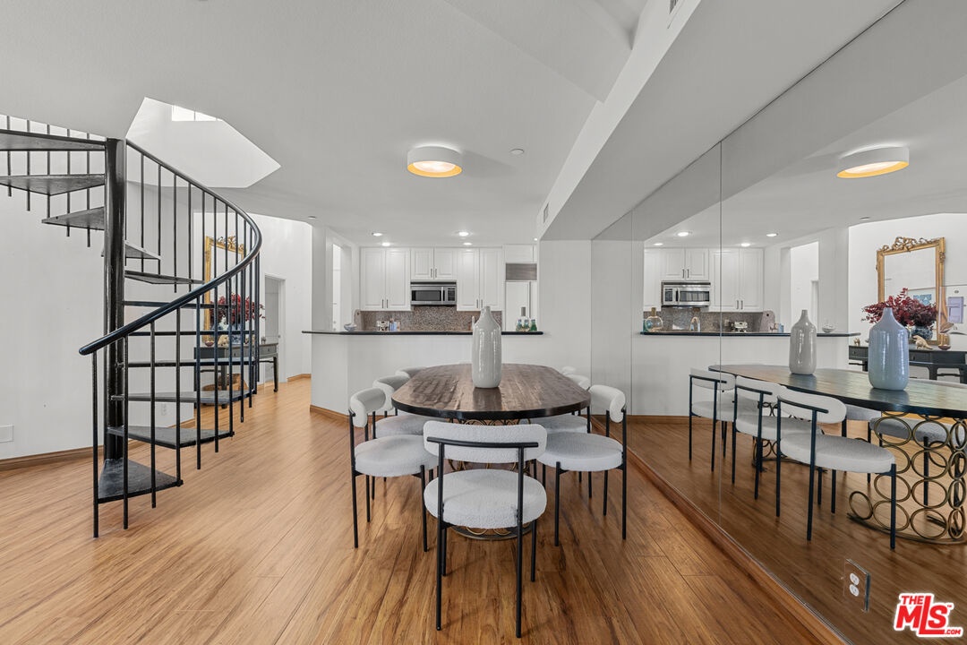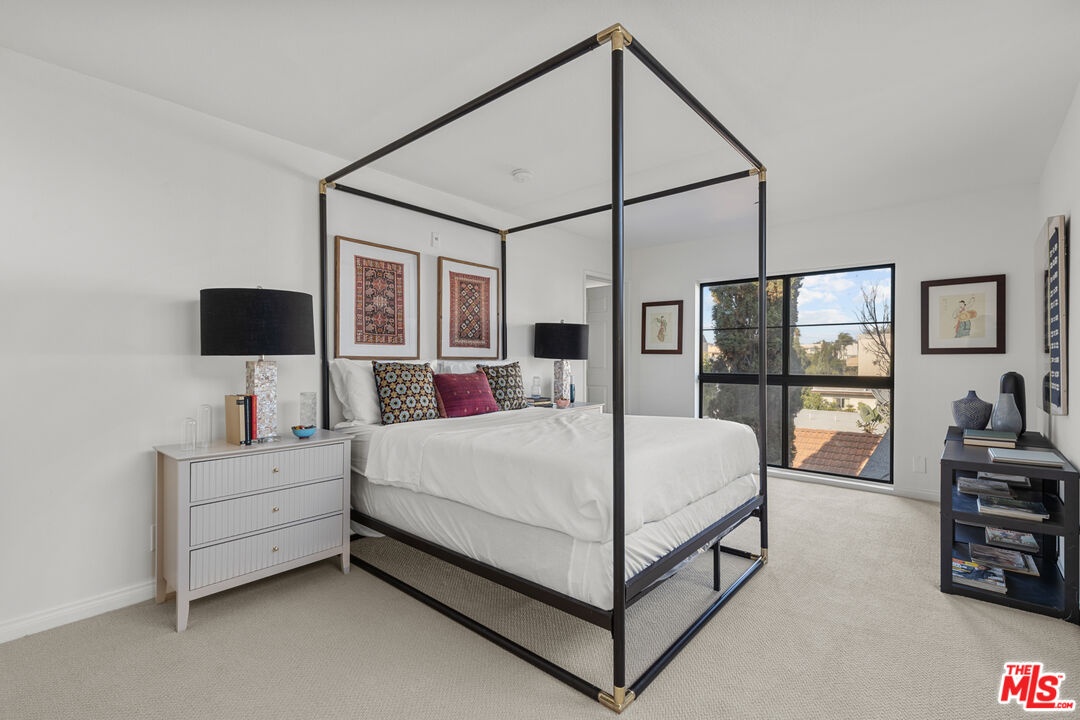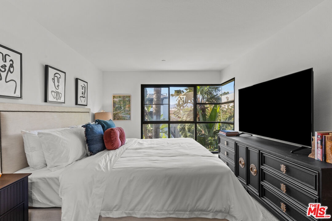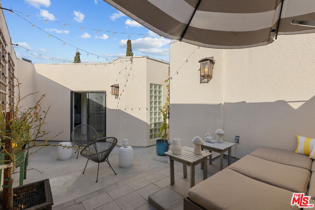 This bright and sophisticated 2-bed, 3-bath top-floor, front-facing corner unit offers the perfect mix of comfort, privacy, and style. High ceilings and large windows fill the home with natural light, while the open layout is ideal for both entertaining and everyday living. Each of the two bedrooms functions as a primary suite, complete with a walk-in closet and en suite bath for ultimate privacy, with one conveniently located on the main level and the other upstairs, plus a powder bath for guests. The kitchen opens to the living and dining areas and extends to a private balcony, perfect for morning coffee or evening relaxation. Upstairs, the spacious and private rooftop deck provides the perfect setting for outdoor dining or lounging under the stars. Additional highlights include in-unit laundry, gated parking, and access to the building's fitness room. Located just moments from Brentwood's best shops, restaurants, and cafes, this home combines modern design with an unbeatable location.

============================================================

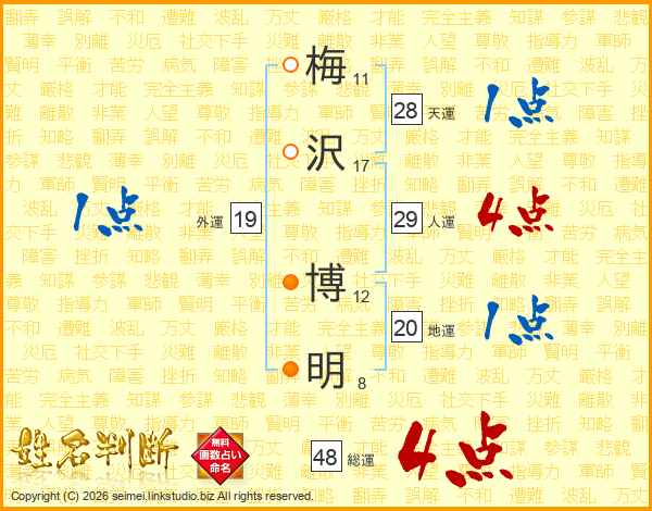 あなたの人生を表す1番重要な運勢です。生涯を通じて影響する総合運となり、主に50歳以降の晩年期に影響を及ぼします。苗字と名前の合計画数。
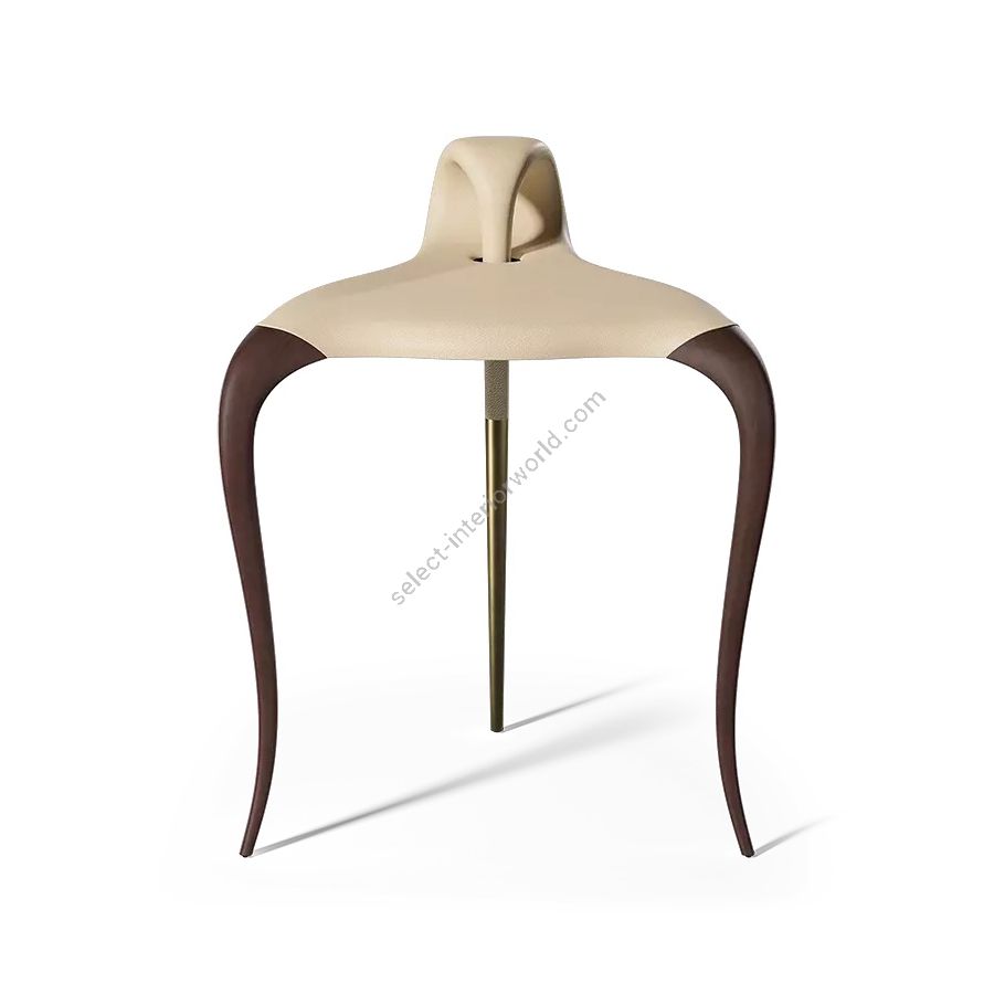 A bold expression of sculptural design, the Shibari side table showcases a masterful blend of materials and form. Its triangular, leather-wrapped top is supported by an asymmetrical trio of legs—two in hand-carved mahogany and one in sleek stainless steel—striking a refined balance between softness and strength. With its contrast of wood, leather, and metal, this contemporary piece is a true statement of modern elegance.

============================================================

• [YOUR ASSIGNMENT]: For this exercise, transcribe exactly the part of the records above that opens with the line containing "あなたの人生を表す1番重要な" and closes with the one containing "A bold expression". Pictures are not part of the copy.

• [RESULT OF THE TASK]:
 あなたの人生を表す1番重要な運勢です。生涯を通じて影響する総合運となり、主に50歳以降の晩年期に影響を及ぼします。苗字と名前の合計画数。
 A bold expression of sculptural design, the Shibari side table showcases a masterful blend of materials and form. Its triangular, leather-wrapped top is supported by an asymmetrical trio of legs—two in hand-carved mahogany and one in sleek stainless steel—striking a refined balance between softness and strength. With its contrast of wood, leather, and metal, this contemporary piece is a true statement of modern elegance.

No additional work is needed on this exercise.